- Opening Delimiter -
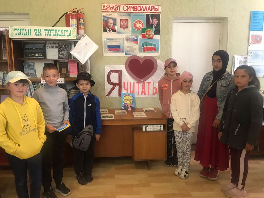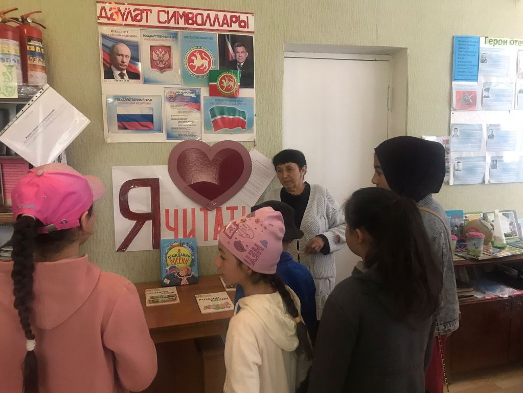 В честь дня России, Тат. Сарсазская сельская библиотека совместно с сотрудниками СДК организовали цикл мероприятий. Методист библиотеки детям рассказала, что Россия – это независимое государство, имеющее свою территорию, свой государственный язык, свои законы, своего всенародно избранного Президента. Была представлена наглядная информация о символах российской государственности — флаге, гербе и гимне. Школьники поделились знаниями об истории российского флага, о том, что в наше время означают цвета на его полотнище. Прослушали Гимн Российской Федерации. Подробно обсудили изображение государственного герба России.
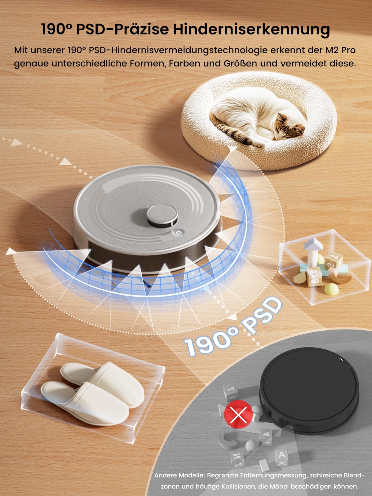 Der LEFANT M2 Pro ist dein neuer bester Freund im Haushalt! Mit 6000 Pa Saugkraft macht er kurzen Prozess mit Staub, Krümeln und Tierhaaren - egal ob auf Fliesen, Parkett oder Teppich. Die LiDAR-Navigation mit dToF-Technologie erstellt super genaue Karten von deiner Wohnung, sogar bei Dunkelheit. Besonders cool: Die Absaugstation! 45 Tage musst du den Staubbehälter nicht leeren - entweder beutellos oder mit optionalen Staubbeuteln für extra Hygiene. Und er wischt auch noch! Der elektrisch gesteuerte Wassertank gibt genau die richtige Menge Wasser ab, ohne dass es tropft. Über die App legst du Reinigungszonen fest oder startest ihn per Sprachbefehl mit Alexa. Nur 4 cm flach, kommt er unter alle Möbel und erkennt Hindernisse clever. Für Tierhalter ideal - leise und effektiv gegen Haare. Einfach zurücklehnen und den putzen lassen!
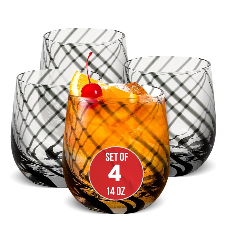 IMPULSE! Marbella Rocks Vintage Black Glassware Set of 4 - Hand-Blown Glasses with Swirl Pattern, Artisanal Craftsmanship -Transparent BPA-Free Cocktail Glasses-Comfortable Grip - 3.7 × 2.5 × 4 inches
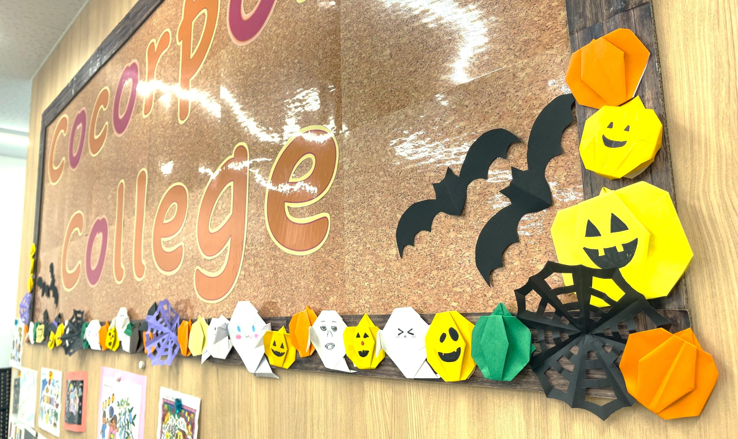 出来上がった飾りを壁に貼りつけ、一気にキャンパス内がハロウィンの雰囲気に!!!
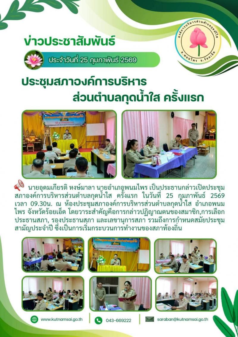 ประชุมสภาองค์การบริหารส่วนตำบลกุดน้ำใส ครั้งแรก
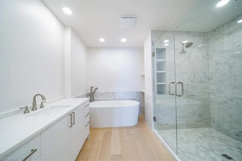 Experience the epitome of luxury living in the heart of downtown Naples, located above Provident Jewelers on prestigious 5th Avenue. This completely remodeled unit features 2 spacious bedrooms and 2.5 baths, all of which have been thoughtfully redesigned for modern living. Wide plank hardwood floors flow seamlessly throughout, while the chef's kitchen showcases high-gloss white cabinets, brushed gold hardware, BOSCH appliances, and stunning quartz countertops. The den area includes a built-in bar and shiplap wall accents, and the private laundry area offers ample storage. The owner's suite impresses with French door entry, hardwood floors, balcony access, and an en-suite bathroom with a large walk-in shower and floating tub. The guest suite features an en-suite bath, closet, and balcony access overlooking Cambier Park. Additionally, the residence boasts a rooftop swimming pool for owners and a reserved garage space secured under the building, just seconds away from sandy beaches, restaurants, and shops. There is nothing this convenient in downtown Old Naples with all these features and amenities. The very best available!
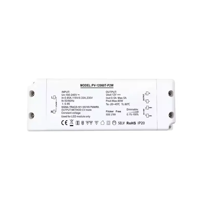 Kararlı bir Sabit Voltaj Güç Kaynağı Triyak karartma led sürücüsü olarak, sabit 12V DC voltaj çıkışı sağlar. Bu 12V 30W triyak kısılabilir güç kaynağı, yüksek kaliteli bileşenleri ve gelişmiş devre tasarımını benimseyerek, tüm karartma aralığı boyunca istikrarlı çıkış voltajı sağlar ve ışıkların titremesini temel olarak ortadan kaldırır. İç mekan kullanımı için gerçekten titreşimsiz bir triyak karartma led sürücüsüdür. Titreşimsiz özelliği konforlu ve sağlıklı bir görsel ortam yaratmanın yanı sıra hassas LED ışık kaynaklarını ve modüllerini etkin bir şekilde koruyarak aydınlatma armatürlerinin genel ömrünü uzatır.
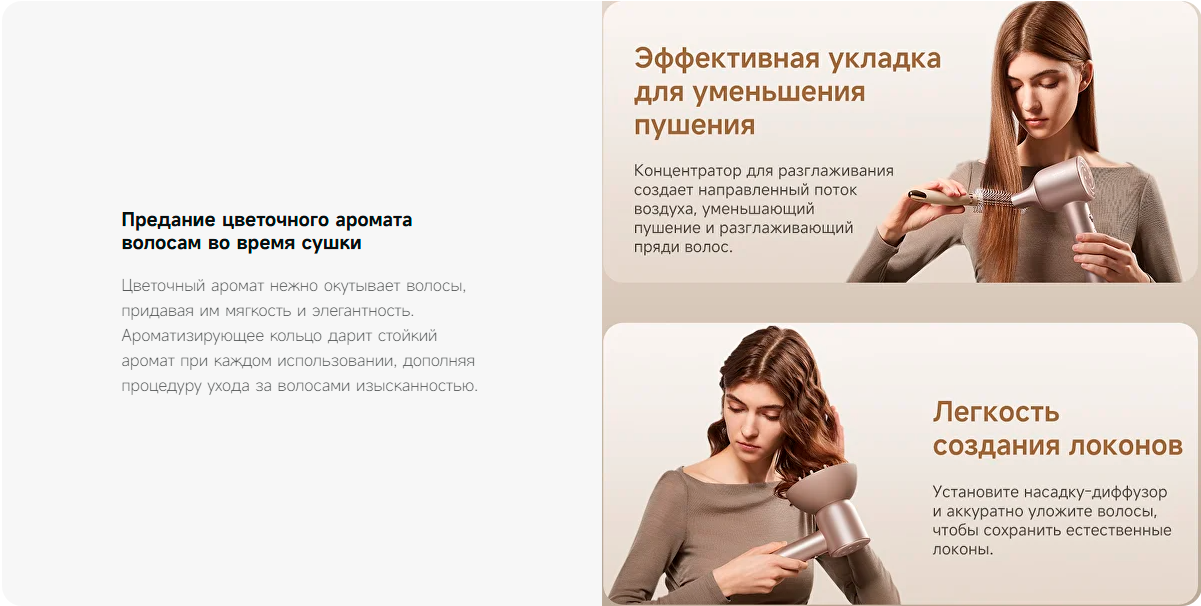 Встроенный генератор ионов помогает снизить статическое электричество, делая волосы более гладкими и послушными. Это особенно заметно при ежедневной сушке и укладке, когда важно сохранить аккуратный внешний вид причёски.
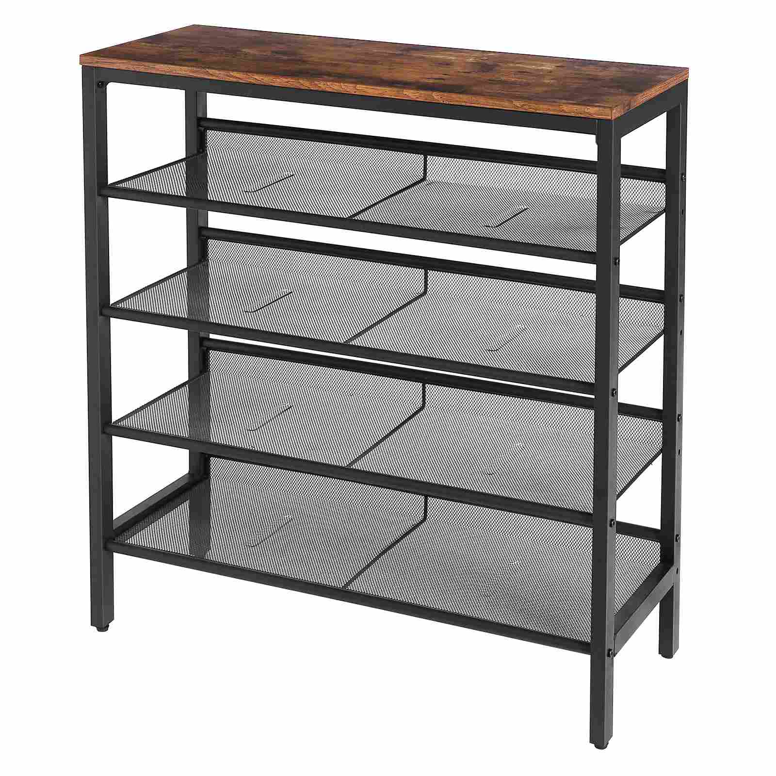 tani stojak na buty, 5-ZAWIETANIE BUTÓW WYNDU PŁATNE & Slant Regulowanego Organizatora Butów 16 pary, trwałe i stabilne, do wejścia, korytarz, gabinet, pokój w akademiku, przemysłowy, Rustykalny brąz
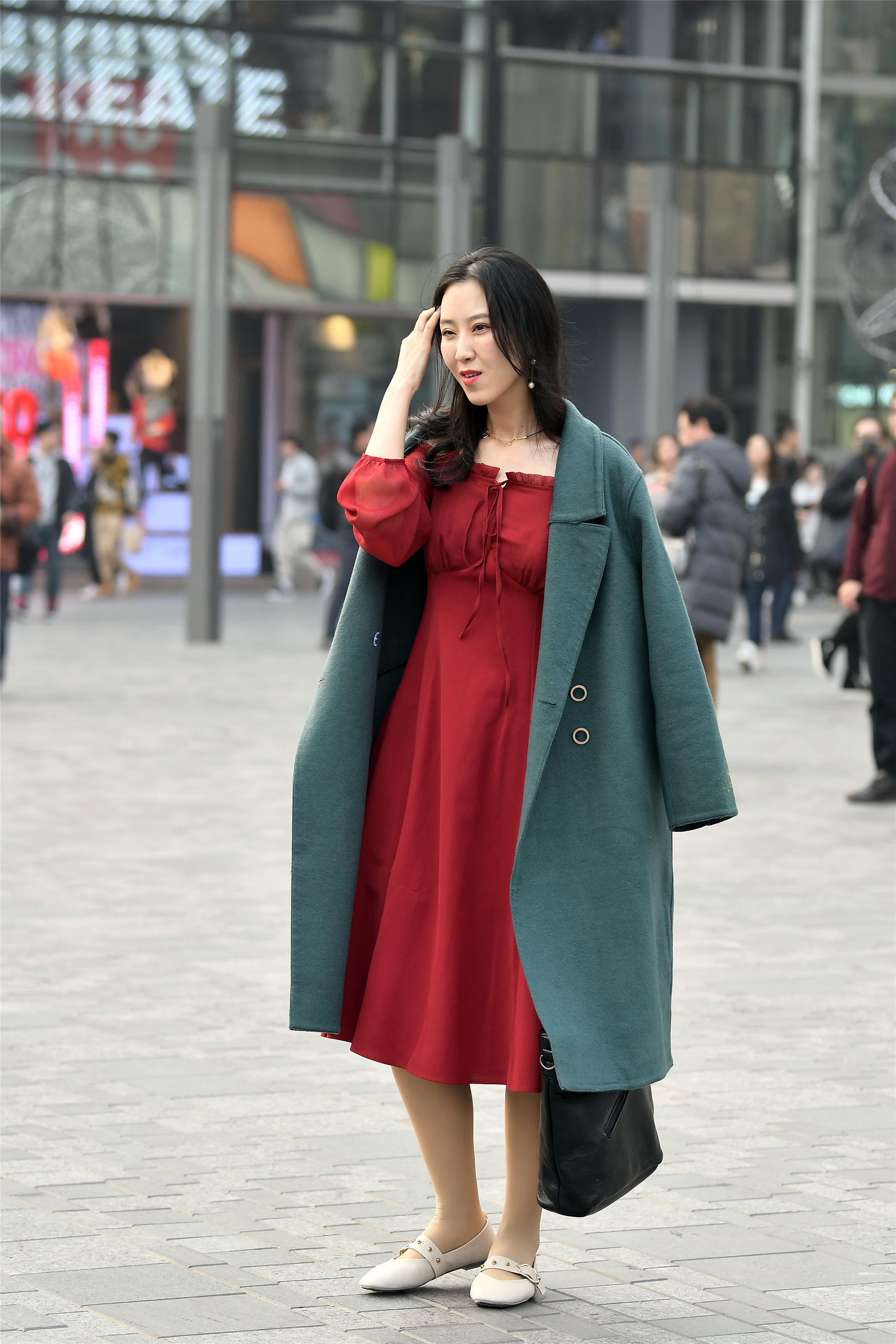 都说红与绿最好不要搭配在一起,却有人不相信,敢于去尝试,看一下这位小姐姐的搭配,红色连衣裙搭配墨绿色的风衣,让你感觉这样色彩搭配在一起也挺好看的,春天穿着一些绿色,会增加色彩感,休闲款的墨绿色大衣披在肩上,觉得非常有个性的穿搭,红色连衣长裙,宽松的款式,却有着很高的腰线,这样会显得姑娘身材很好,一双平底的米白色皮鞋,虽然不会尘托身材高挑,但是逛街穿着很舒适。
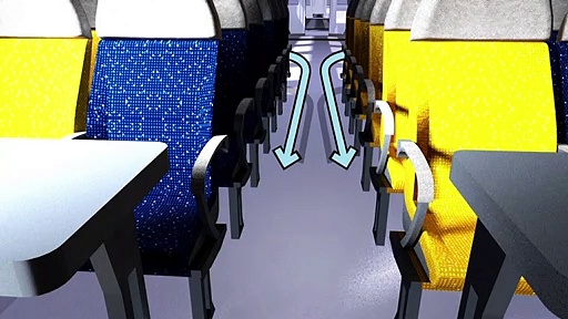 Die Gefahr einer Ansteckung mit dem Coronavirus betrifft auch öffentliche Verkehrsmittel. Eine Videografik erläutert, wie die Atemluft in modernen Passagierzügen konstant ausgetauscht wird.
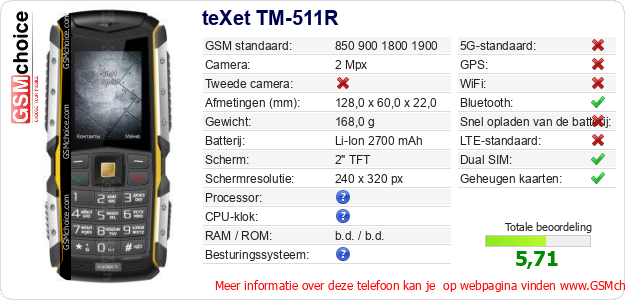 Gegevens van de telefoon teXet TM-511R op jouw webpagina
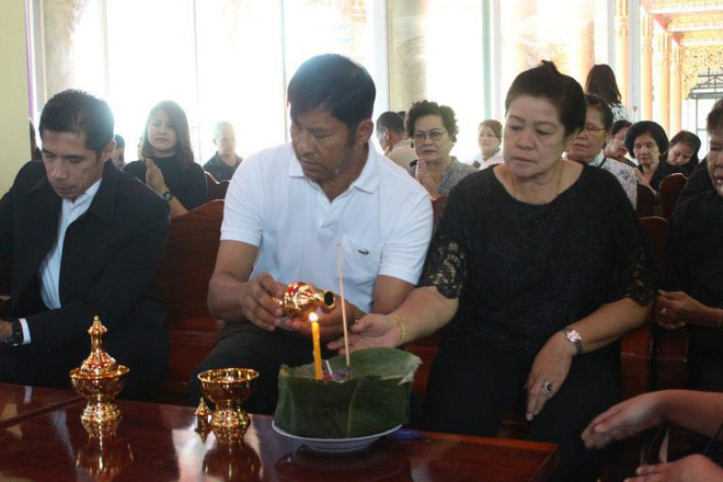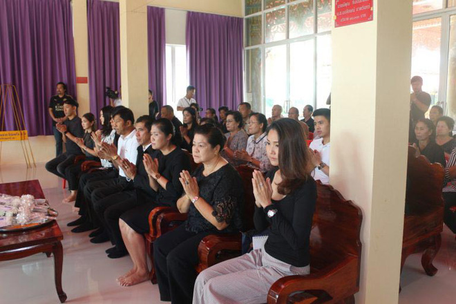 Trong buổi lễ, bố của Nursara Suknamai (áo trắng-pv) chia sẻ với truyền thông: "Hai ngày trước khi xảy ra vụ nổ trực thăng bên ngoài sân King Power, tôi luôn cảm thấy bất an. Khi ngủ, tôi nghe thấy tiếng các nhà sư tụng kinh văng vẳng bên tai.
- Closing Delimiter -
Problem requirements: Copy the records above exactly. Do not carry any picture into the copy.

Exercise solution:
 В честь дня России, Тат. Сарсазская сельская библиотека совместно с сотрудниками СДК организовали цикл мероприятий. Методист библиотеки детям рассказала, что Россия – это независимое государство, имеющее свою территорию, свой государственный язык, свои законы, своего всенародно избранного Президента. Была представлена наглядная информация о символах российской государственности — флаге, гербе и гимне. Школьники поделились знаниями об истории российского флага, о том, что в наше время означают цвета на его полотнище. Прослушали Гимн Российской Федерации. Подробно обсудили изображение государственного герба России.
 Der LEFANT M2 Pro ist dein neuer bester Freund im Haushalt! Mit 6000 Pa Saugkraft macht er kurzen Prozess mit Staub, Krümeln und Tierhaaren - egal ob auf Fliesen, Parkett oder Teppich. Die LiDAR-Navigation mit dToF-Technologie erstellt super genaue Karten von deiner Wohnung, sogar bei Dunkelheit. Besonders cool: Die Absaugstation! 45 Tage musst du den Staubbehälter nicht leeren - entweder beutellos oder mit optionalen Staubbeuteln für extra Hygiene. Und er wischt auch noch! Der elektrisch gesteuerte Wassertank gibt genau die richtige Menge Wasser ab, ohne dass es tropft. Über die App legst du Reinigungszonen fest oder startest ihn per Sprachbefehl mit Alexa. Nur 4 cm flach, kommt er unter alle Möbel und erkennt Hindernisse clever. Für Tierhalter ideal - leise und effektiv gegen Haare. Einfach zurücklehnen und den putzen lassen!
 IMPULSE! Marbella Rocks Vintage Black Glassware Set of 4 - Hand-Blown Glasses with Swirl Pattern, Artisanal Craftsmanship -Transparent BPA-Free Cocktail Glasses-Comfortable Grip - 3.7 × 2.5 × 4 inches
 出来上がった飾りを壁に貼りつけ、一気にキャンパス内がハロウィンの雰囲気に!!!
 ประชุมสภาองค์การบริหารส่วนตำบลกุดน้ำใส ครั้งแรก
 Experience the epitome of luxury living in the heart of downtown Naples, located above Provident Jewelers on prestigious 5th Avenue. This completely remodeled unit features 2 spacious bedrooms and 2.5 baths, all of which have been thoughtfully redesigned for modern living. Wide plank hardwood floors flow seamlessly throughout, while the chef's kitchen showcases high-gloss white cabinets, brushed gold hardware, BOSCH appliances, and stunning quartz countertops. The den area includes a built-in bar and shiplap wall accents, and the private laundry area offers ample storage. The owner's suite impresses with French door entry, hardwood floors, balcony access, and an en-suite bathroom with a large walk-in shower and floating tub. The guest suite features an en-suite bath, closet, and balcony access overlooking Cambier Park. Additionally, the residence boasts a rooftop swimming pool for owners and a reserved garage space secured under the building, just seconds away from sandy beaches, restaurants, and shops. There is nothing this convenient in downtown Old Naples with all these features and amenities. The very best available!
 Kararlı bir Sabit Voltaj Güç Kaynağı Triyak karartma led sürücüsü olarak, sabit 12V DC voltaj çıkışı sağlar. Bu 12V 30W triyak kısılabilir güç kaynağı, yüksek kaliteli bileşenleri ve gelişmiş devre tasarımını benimseyerek, tüm karartma aralığı boyunca istikrarlı çıkış voltajı sağlar ve ışıkların titremesini temel olarak ortadan kaldırır. İç mekan kullanımı için gerçekten titreşimsiz bir triyak karartma led sürücüsüdür. Titreşimsiz özelliği konforlu ve sağlıklı bir görsel ortam yaratmanın yanı sıra hassas LED ışık kaynaklarını ve modüllerini etkin bir şekilde koruyarak aydınlatma armatürlerinin genel ömrünü uzatır.
 Встроенный генератор ионов помогает снизить статическое электричество, делая волосы более гладкими и послушными. Это особенно заметно при ежедневной сушке и укладке, когда важно сохранить аккуратный внешний вид причёски.
 tani stojak na buty, 5-ZAWIETANIE BUTÓW WYNDU PŁATNE & Slant Regulowanego Organizatora Butów 16 pary, trwałe i stabilne, do wejścia, korytarz, gabinet, pokój w akademiku, przemysłowy, Rustykalny brąz
 都说红与绿最好不要搭配在一起,却有人不相信,敢于去尝试,看一下这位小姐姐的搭配,红色连衣裙搭配墨绿色的风衣,让你感觉这样色彩搭配在一起也挺好看的,春天穿着一些绿色,会增加色彩感,休闲款的墨绿色大衣披在肩上,觉得非常有个性的穿搭,红色连衣长裙,宽松的款式,却有着很高的腰线,这样会显得姑娘身材很好,一双平底的米白色皮鞋,虽然不会尘托身材高挑,但是逛街穿着很舒适。
 Die Gefahr einer Ansteckung mit dem Coronavirus betrifft auch öffentliche Verkehrsmittel. Eine Videografik erläutert, wie die Atemluft in modernen Passagierzügen konstant ausgetauscht wird.
 Gegevens van de telefoon teXet TM-511R op jouw webpagina
 Trong buổi lễ, bố của Nursara Suknamai (áo trắng-pv) chia sẻ với truyền thông: "Hai ngày trước khi xảy ra vụ nổ trực thăng bên ngoài sân King Power, tôi luôn cảm thấy bất an. Khi ngủ, tôi nghe thấy tiếng các nhà sư tụng kinh văng vẳng bên tai.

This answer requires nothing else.